START MATERIALS PROVIDED

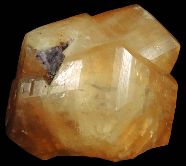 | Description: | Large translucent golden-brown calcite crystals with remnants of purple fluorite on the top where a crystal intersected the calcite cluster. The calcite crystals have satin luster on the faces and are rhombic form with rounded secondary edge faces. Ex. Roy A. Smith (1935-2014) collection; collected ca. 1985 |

END MATERIALS PROVIDED
START MATERIALS PROVIDED

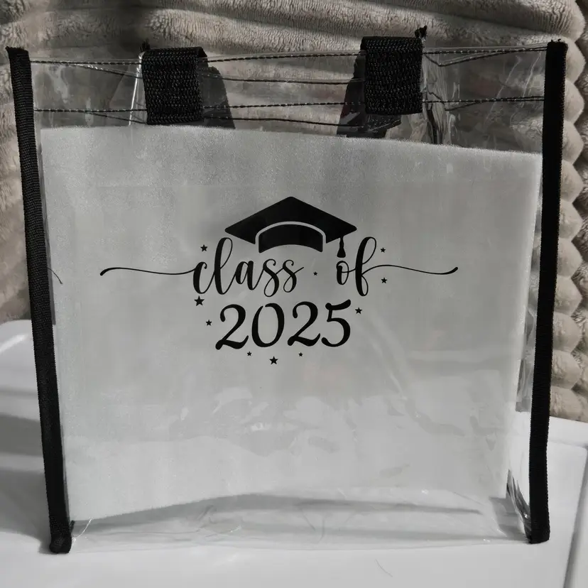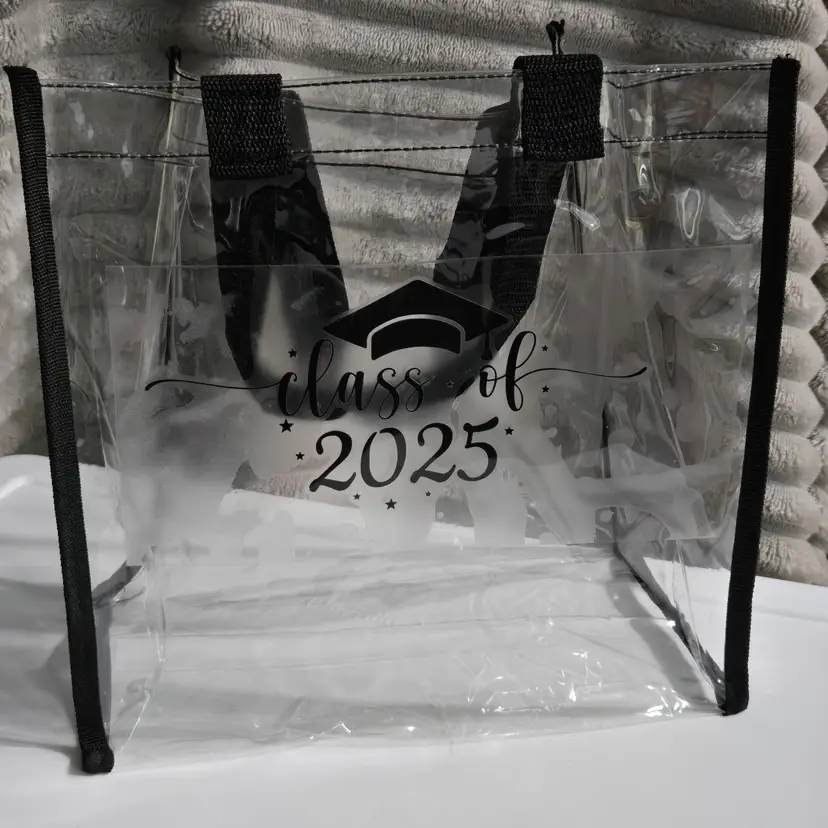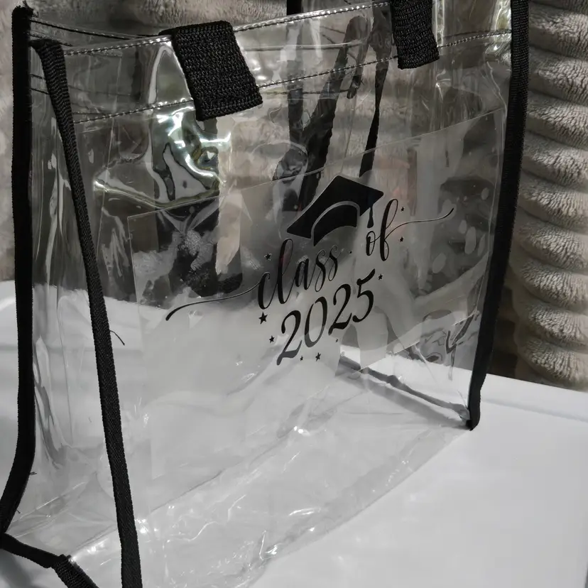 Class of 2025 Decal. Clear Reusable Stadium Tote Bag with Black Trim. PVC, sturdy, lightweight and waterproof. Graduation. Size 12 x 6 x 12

END MATERIALS PROVIDED
START MATERIALS PROVIDED

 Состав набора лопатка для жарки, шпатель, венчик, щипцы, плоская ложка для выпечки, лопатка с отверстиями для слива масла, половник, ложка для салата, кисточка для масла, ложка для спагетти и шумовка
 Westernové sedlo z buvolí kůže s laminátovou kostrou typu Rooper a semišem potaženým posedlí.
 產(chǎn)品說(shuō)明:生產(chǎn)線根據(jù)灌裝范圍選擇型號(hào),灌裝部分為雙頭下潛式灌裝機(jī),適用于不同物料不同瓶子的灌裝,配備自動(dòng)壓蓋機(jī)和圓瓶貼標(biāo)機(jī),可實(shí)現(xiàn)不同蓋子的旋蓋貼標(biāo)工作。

END MATERIALS PROVIDED

YOUR GOAL - Restate word for word the lines in the material above from the one with "Состав набора лопатка" to the one with "產(chǎn)品說(shuō"; both of those lines count, and nothing else does.

TASK RESPONSE -
 Состав набора лопатка для жарки, шпатель, венчик, щипцы, плоская ложка для выпечки, лопатка с отверстиями для слива масла, половник, ложка для салата, кисточка для масла, ложка для спагетти и шумовка
 Westernové sedlo z buvolí kůže s laminátovou kostrou typu Rooper a semišem potaženým posedlí.
 產(chǎn)品說(shuō)明:生產(chǎn)線根據(jù)灌裝范圍選擇型號(hào),灌裝部分為雙頭下潛式灌裝機(jī),適用于不同物料不同瓶子的灌裝,配備自動(dòng)壓蓋機(jī)和圓瓶貼標(biāo)機(jī),可實(shí)現(xiàn)不同蓋子的旋蓋貼標(biāo)工作。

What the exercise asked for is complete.